Donc il revécut seul. Mais ce n'est pas bon pour lui. Et encore moins le matin quand il s'éveille en érection, c'est-à-dire la plupart des matins comme la plupart des hommes avant de déambuler entre la chambre, la cuisine et la salle de bains. Allant et venant ainsi, ce n'est heureusement bientôt plus qu'une moitié d'érection: mais lesté, presque déséquilibré par cet appendice perpendiculaire à la verticale voûtée de ses vertèbres, il finit par s'asseoir, il ouvre son courrier. Opération presque toujours décevante et qui se conclut en général et vite par une sédimentation nouvelle de sa corbeille à papiers mais qui, mutatis mutandis à moins que nolens volens, fait au moins revenir son appareil à un gabarit normal.
Non, ce n'est pas bon pour lui, cela ne peut pas durer. Mais il n'est pas facile d'improviser quand subitement le vide s'est fait. Si la présence de Victoire n'a pas duré longtemps, elle s'est quand même assez prolongée pour que s'effacent les autres présences de femmes aux environs de Ferrer. Il les croyait toujours là, l'innocent, comme si, de rechange, elles ne patientaient que pour lui. Or elles font toutes défaut, elles n'ont pas attendu, bien sûr, elles vivent leur vie. Donc, ne pouvant rester longtemps seul, il va chercher un peu partout. Mais chacun sait qu'on ne trouve personne quand on cherche, mieux vaut ne pas avoir l'air de chercher, se comporter comme si de rien n'était.

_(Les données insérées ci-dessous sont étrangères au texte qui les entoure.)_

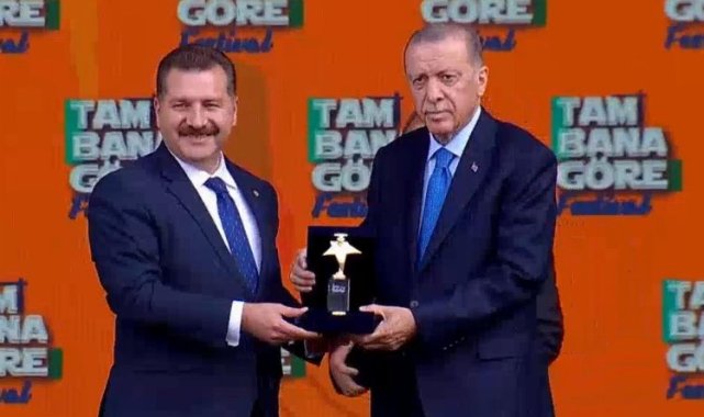 Balıkesir Büyükşehir Belediye Başkanı Yücel Yılmaz, Cumhurbaşkanı ve AK Parti Genel Başkanı Recep Tayyip Erdoğan'ın elinden 4'üncü ödülü olan "Genç Belediye Ödülü"nü aldı.BALIKESİR (İGFA) - Gençliğe yaptığı yatırımları sürdüren Balıkesir Büyükşehir Belediye Başkanı Yücel Yılmaz, Cumhurbaşkanı ve AK Parti Genel Başkanı Recep Tayyip Erdoğan'dan 4'üncü ödülünü aldı. Daha önce "Dünyayla Yarışan Şehirler", "Genç Dostu Şehirler", "Gençlik ve Yerel Yönetimler Temalı Proje Yarışması"nda ödül alan Başkan Yücel Yılmaz, son olarak yine 'Gençlik ve Yerel Yönetimler' temasıyla gerçekleştirilen 'Tam Bana Göre Festival'inde "Genç Belediye Ödülü"nü aldı.
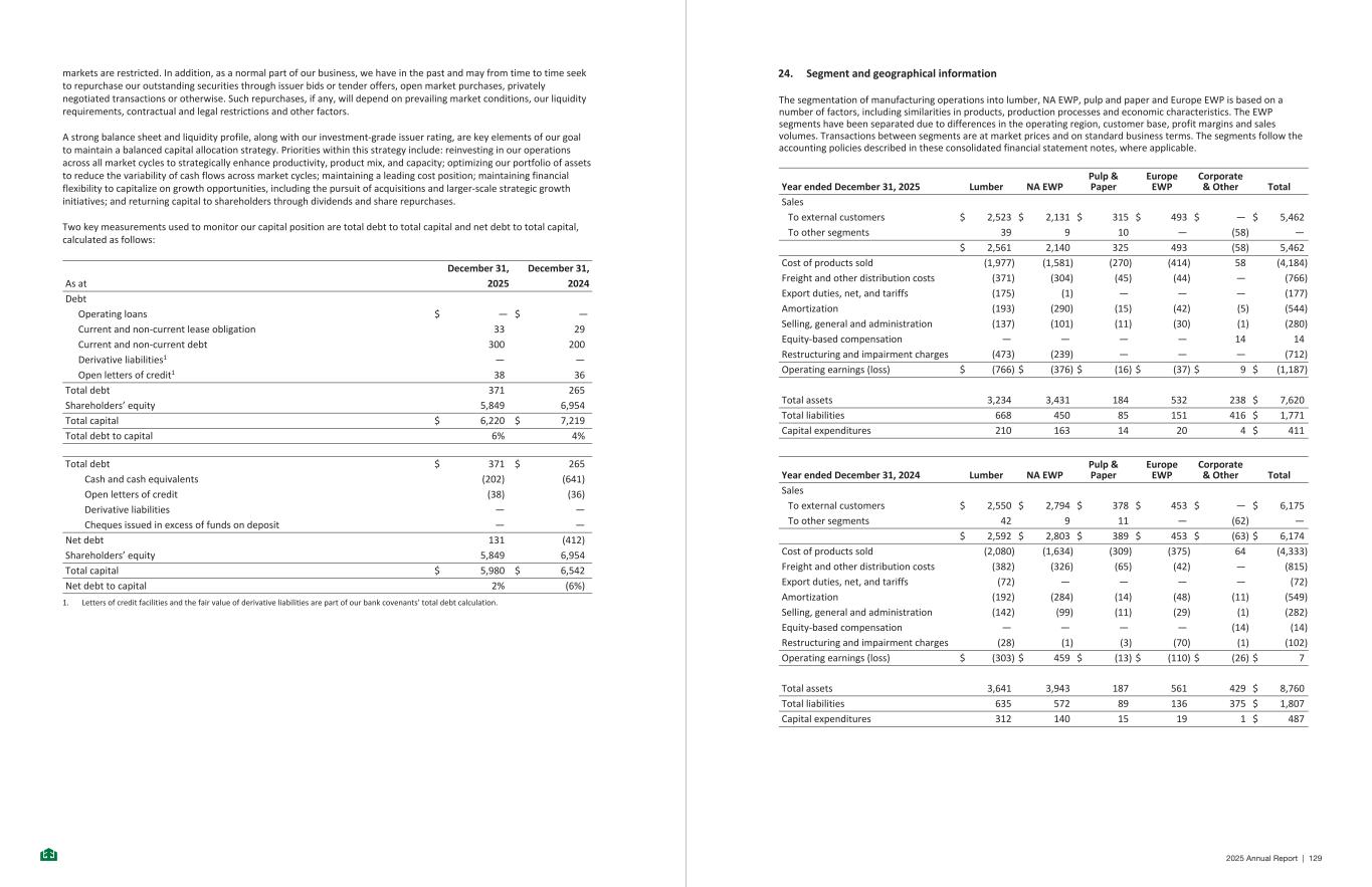 markets are restricted. In addition, as a normal part of our business, we have in the past and may from time to time seek to repurchase our outstanding securities through issuer bids or tender offers, open market purchases, privately negotiated transactions or otherwise. Such repurchases, if any, will depend on prevailing market conditions, our liquidity requirements, contractual and legal restrictions and other factors. A strong balance sheet and liquidity profile, along with our investment-grade issuer rating, are key elements of our goal to maintain a balanced capital allocation strategy. Priorities within this strategy include: reinvesting in our operations across all market cycles to strategically enhance productivity, product mix, and capacity; optimizing our portfolio of assets to reduce the variability of cash flows across market cycles; maintaining a leading cost position; maintaining financial flexibility to capitalize on growth opportunities, including the pursuit of acquisitions and larger-scale strategic growth initiatives; and returning capital to shareholders through dividends and share repurchases. Two key measurements used to monitor our capital position are total debt to total capital and net debt to total capital, calculated as follows: December 31, December 31, As at 2025 2024 Debt Operating loans $ — $ — Current and non-current lease obligation 33 29 Current and non-current debt 300 200 Derivative liabilities1 — — Open letters of credit1 38 36 Total debt 371 265 Shareholders’ equity 5,849 6,954 Total capital $ 6,220 $ 7,219 Total debt to capital 6% 4% Total debt $ 371 $ 265 Cash and cash equivalents (202) (641) Open letters of credit (38) (36) Derivative liabilities — — Cheques issued in excess of funds on deposit — — Net debt 131 (412) Shareholders’ equity 5,849 6,954 Total capital $ 5,980 $ 6,542 Net debt to capital 2% (6%) 1. Letters of credit facilities and the fair value of derivative liabilities are part of our bank covenants’ total debt calculation. -38- 24. Segment and geographical information The segmentation of manufacturing operations into lumber, NA EWP, pulp and paper and Europe EWP is based on a number of factors, including similarities in products, production processes and economic characteristics. The EWP segments have been separated due to differences in the operating region, customer base, profit margins and sales volumes. Transactions between segments are at market prices and on standard business terms. The segments follow the accounting policies described in these consolidated financial statement notes, where applicable. Year ended December 31, 2025 Lumber NA EWP Pulp & Paper Europe EWP Corporate & Other Total Sales To external customers $ 2,523 $ 2,131 $ 315 $ 493 $ — $ 5,462 To other segments 39 9 10 — (58) — $ 2,561 2,140 325 493 (58) 5,462 Cost of products sold (1,977) (1,581) (270) (414) 58 (4,184) Freight and other distribution costs (371) (304) (45) (44) — (766) Export duties, net, and tariffs (175) (1) — — — (177) Amortization (193) (290) (15) (42) (5) (544) Selling, general and administration (137) (101) (11) (30) (1) (280) Equity-based compensation — — — — 14 14 Restructuring and impairment charges (473) (239) — — — (712) Operating earnings (loss) $ (766) $ (376) $ (16) $ (37) $ 9 $ (1,187) Total assets 3,234 3,431 184 532 238 $ 7,620 Total liabilities 668 450 85 151 416 $ 1,771 Capital expenditures 210 163 14 20 4 $ 411 Lumber NA EWP Pulp & Paper Europe EWP Corporate & Other TotalYear ended December 31, 2024 Sales To external customers $ 2,550 $ 2,794 $ 378 $ 453 $ — $ 6,175 To other segments 42 9 11 — (62) — $ 2,592 $ 2,803 $ 389 $ 453 $ (63) $ 6,174 Cost of products sold (2,080) (1,634) (309) (375) 64 (4,333) Freight and other distribution costs (382) (326) (65) (42) — (815) Export duties, net, and tariffs (72) — — — — (72) Amortization (192) (284) (14) (48) (11) (549) Selling, general and administration (142) (99) (11) (29) (1) (282) Equity-based compensation — — — — (14) (14) Restructuring and impairment charges (28) (1) (3) (70) (1) (102) Operating earnings (loss) $ (303) $ 459 $ (13) $ (110) $ (26) $ 7 Total assets 3,641 3,943 187 561 429 $ 8,760 Total liabilities 635 572 89 136 375 $ 1,807 Capital expenditures 312 140 15 19 1 $ 487 -39- 2025 Annual Report | 129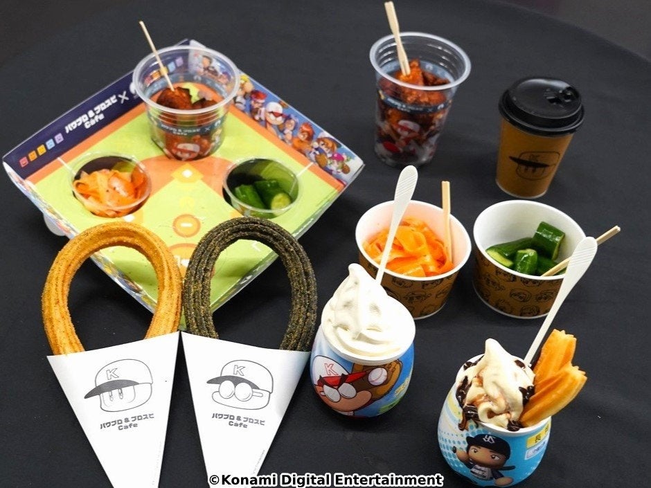 「パワプロ&プロスピcafé」は、東京都港区青山で人気のヘルシースイーツ専門店「青山すこやか本舗」が運営し、「パワプロくんの米粉チュロス」や「矢部でやんすソフトクリーム」、「長岡秀樹のパワフルチュロスサンデー」などスイーツを中心とした商品が販売されます。場所は、 内野3塁側12GATE。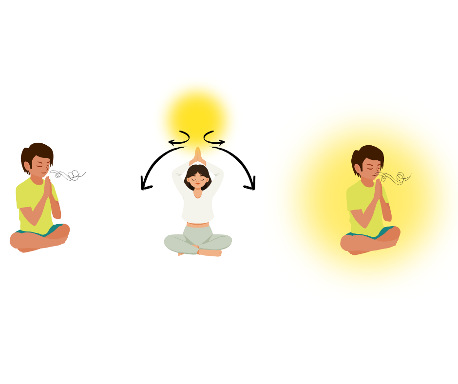Najděte si vhodné místo k sezení. Několikrát se zhluboka nadechněte a vydechněte. Při výdechu si vizualizujte, jak odchází vše, co vás v tuto chvíli tíží.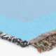A quality printed throw has its advantages. This is a much finer weave throw than its loopier cousins, and though lighter, it is worth the investment for custom room accessorizing. The back is much prettier than the typical brown, and the fringe on the long sides very vivid, the selvage nicely done. Before photographing, I washed the throw in cold water, delicate, with a thicker woven throw the same size. On tumble dry low, this throw was dry in half the time as the other. This is a very practical quality if you use throws for furniture covers or to wrap up in frequently. The sleekness of the fabric makes it a great layer for accenting or protecting without the feeling of sitting on too much stuff. Perfect for napping or when you feel a light chill coming on. The color printing is beautiful and on this fabric, matched the design and color of my Photoshop image. This is an advantage for blending room fabrics and colors. The fringe on the short sides prints the colors from the design image and therefore varies from the side fringe. I streaked a white fractal line through the plaid pattern to give the illusion of weaving. This printed as crisp as an illusory thread, and put some white in the short side fringe, showing another advantage of print vs loomed- for artistic purposes, line lines, detail, and color integrity can be planned and preserved. My loomed throws have color limitations and more of a needlepoint texture. Print throws reproduce an exact image. The throw felt a little stiff straight out of the package, but this went away in the first delicate wash. Of course I searched the wash water for ink or bleeding and there was none.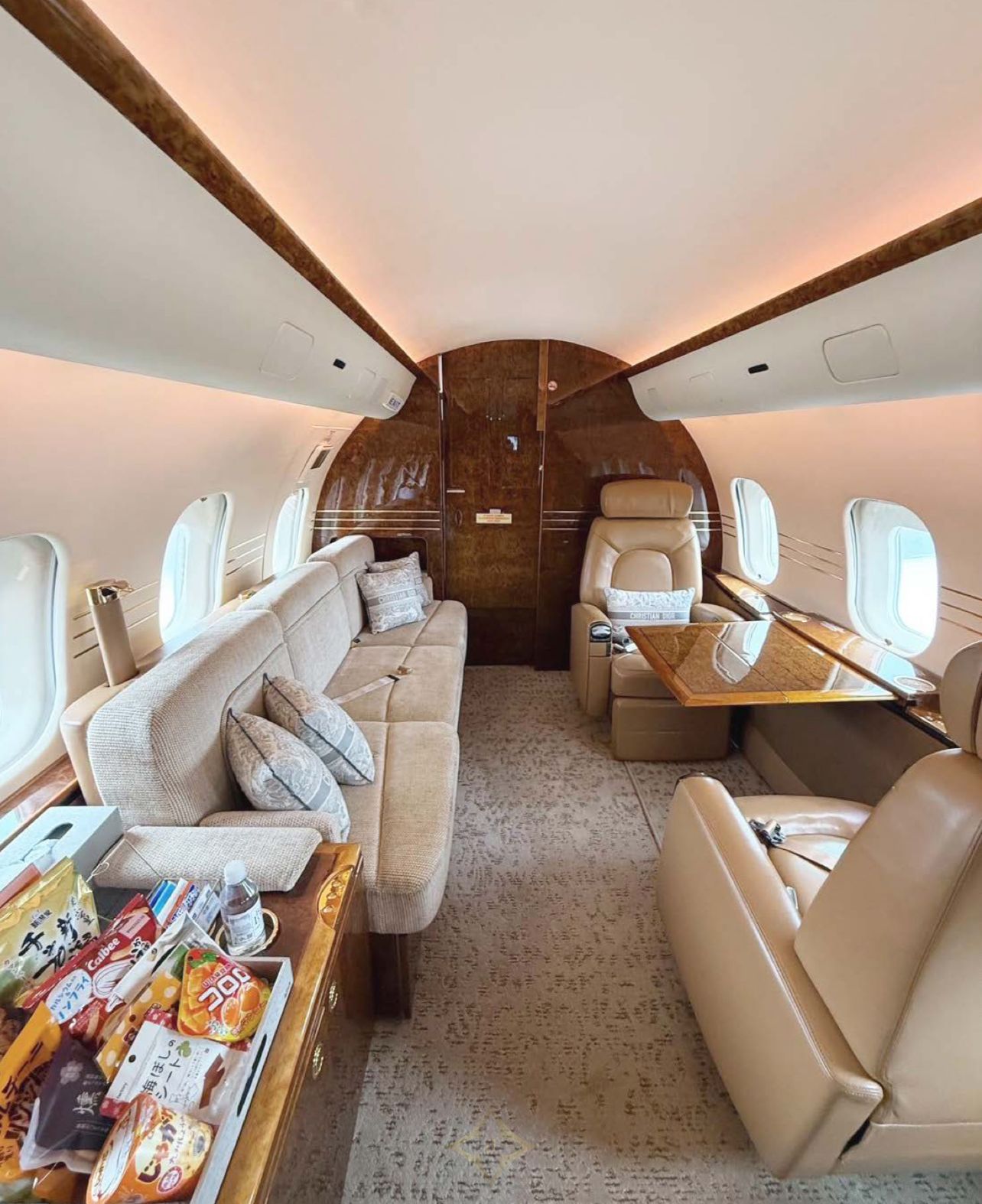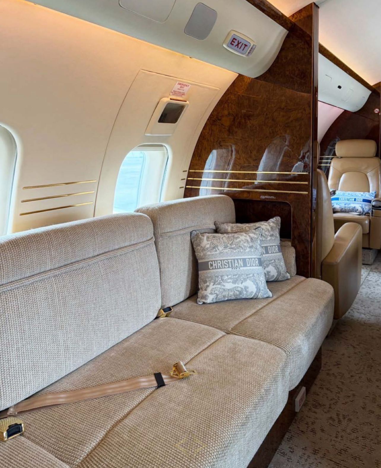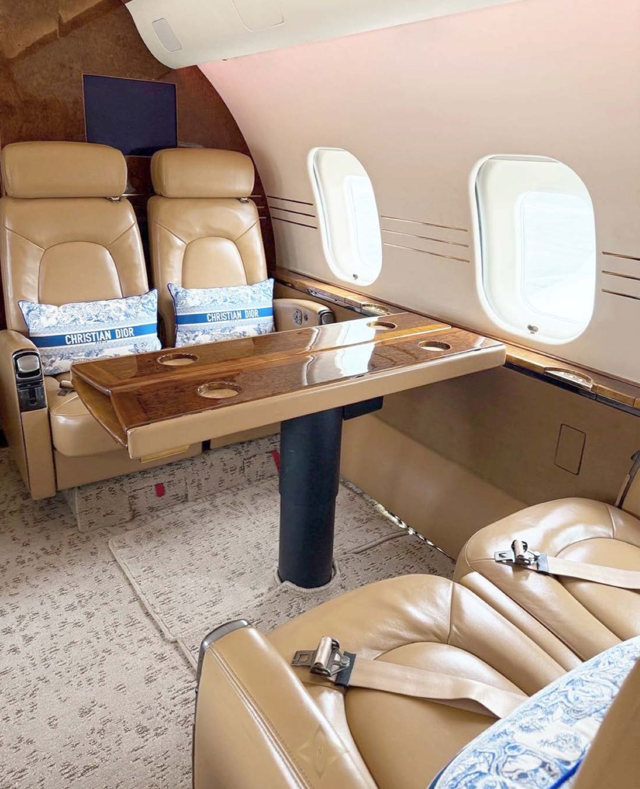 Seating: Tan leather seating, four forward executive seats, mid-cabin 3-place berthable divan opposite dual executive club seats, aft 4-place conference group opposite dual executive club seats
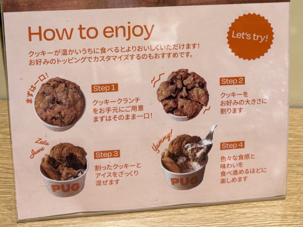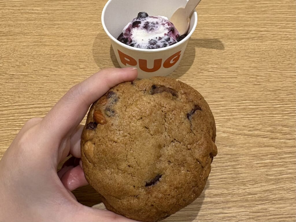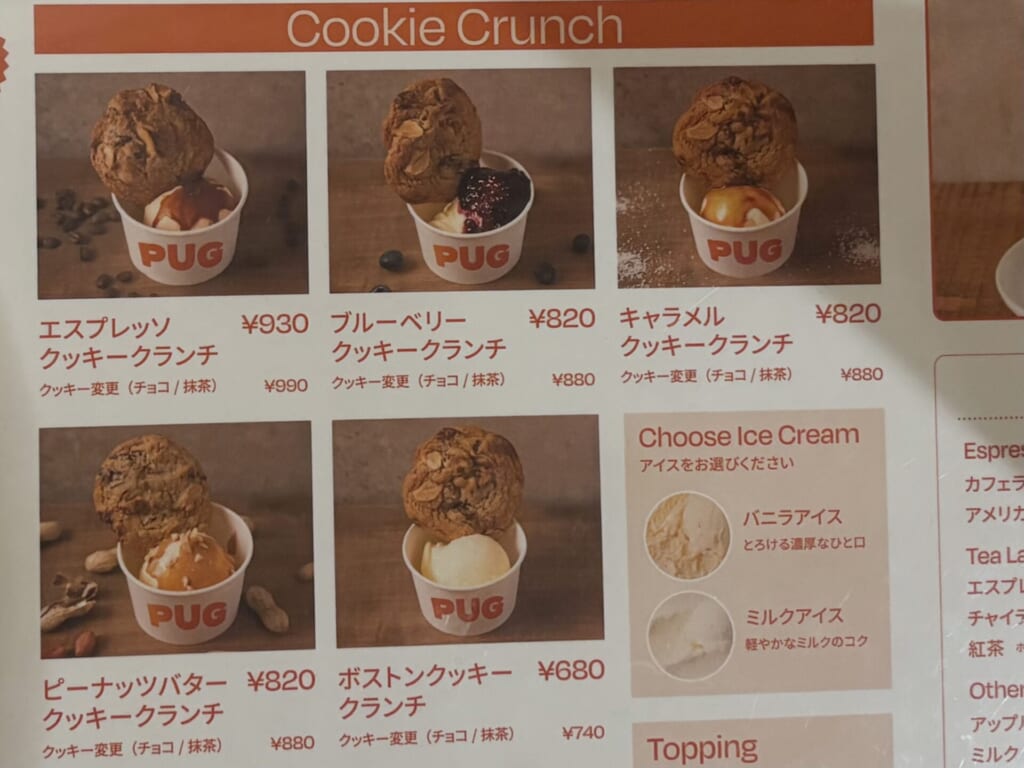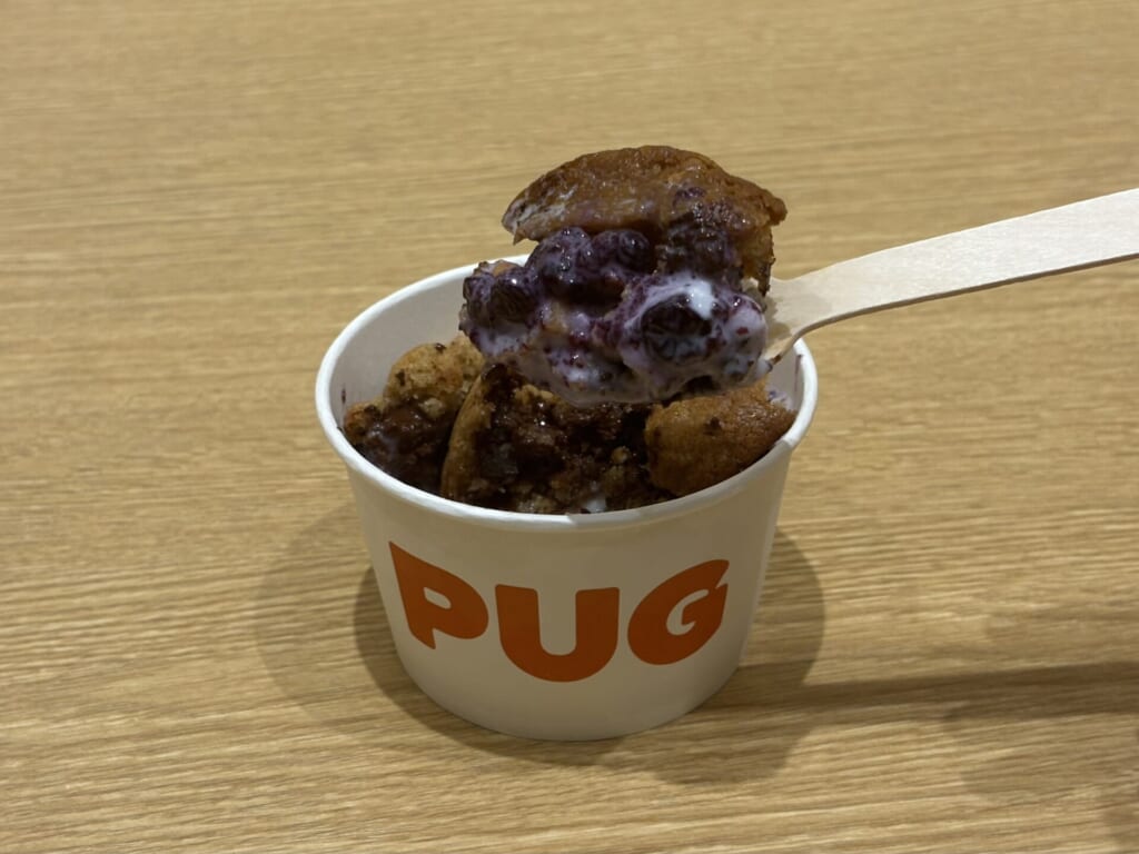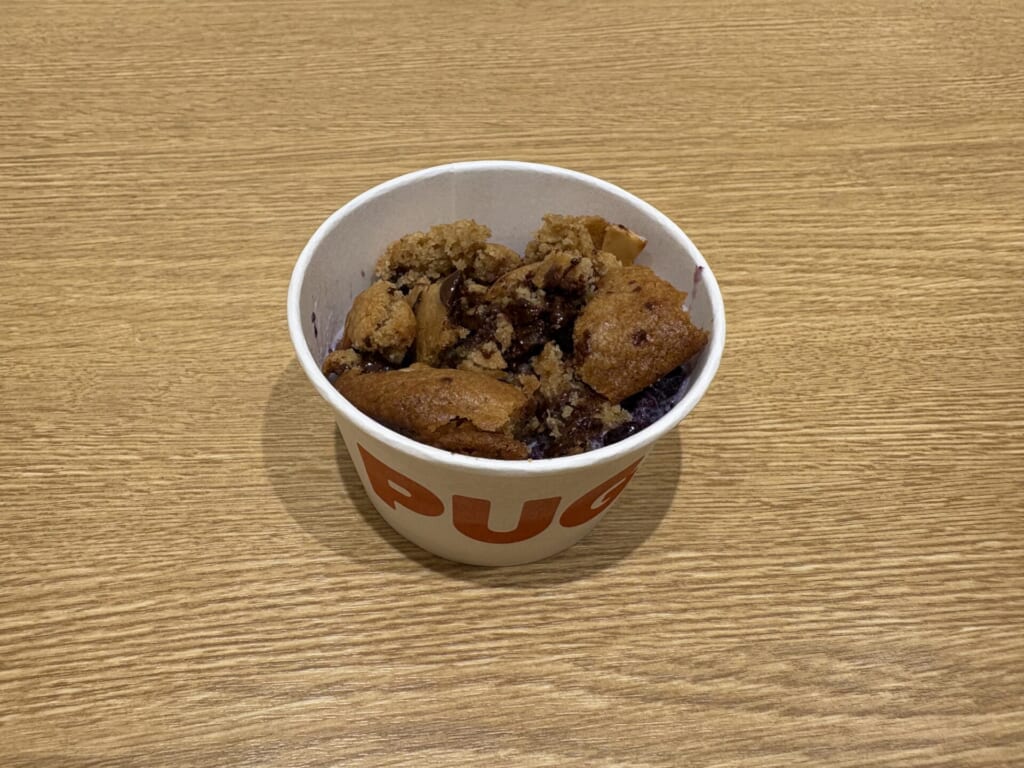 クッキーを崩しながら食べる「新感覚のクッキー体験」が楽しめるスイーツで、PUGのシグネチャーメニューだそうです。アイスクリームはバニラとミルクの2種類から選べて、追加料金でクッキーのフレーバーをチョコ、抹茶にも変更することができます。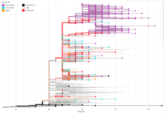 Phylogenetic tree of BA.2.3 cases with branch lengths represented by divergence of cases (number of mutations from Wuhan-Hu-1). Each point is a genome colored by country. Only countries that provide context for Alaska clades and clade origins are included in the visualization.

Mieux vaut attendre le hasard d'une rencontre, surtout sans avoir l'air d'attendre non plus. Car c'est ainsi, dit-on, que naissent les grandes inventions: par le contact inopiné de deux produits posés par hasard, l'un à côté de l'autre, sur une paillasse de laboratoire. Certes encore faut-il qu'on les ait disposés, ces produits, l'un près de l'autre, même si l'on n'avait pas prévu de les associer. Encore faut-il qu'on les ait convoqués ensemble au même moment: preuve qu'ils avaient, bien avant qu'on le sût, quelque chose à voir entre eux. C'est la chimie, c'est ainsi. On va chercher très loin toute sorte de molécules qu'on tente de combiner entre elles: rien. Du bout du monde on se fait expédier des échantillons: toujours rien. Et puis un jour, un faux mouvement, on bouscule deux objets qui traînaient depuis des mois sur la paillasse, éclaboussure inopinée, éprouvette renversée dans un cristallisoir, et aussitôt se produit la réaction qu'on espérait depuis plusieurs années. Ou par exemple on oublie des cultures dans un tiroir et hop; la pénicilline.
Eh bien justement, selon un processus analogue, après de longues recherches vaines au cours desquelles Ferrer a exploré des cercles concentriques de plus en plus éloignés de la rue d'Amsterdam, il finit par trouver ce qu'il cherchait en la personne de sa voisine de palier. Elle s'appelle Bérangère Eisenmann. Voilà qui était inattendu, c'est vraiment la porte à côté. Certes, n'oublions pas qu'une telle proximité ne présente pas que des avantages, il y a du bon et du moins bon, problème que nous tâcherions volontiers d'approfondir plus en détail si le temps nous le permettait. Mais nous ne pouvons, dans l'immédiat, développer ce point vu qu'une actualité plus urgente nous mobilise: nous apprenons à l'instant, en effet, la disparition tragique de Delahaye.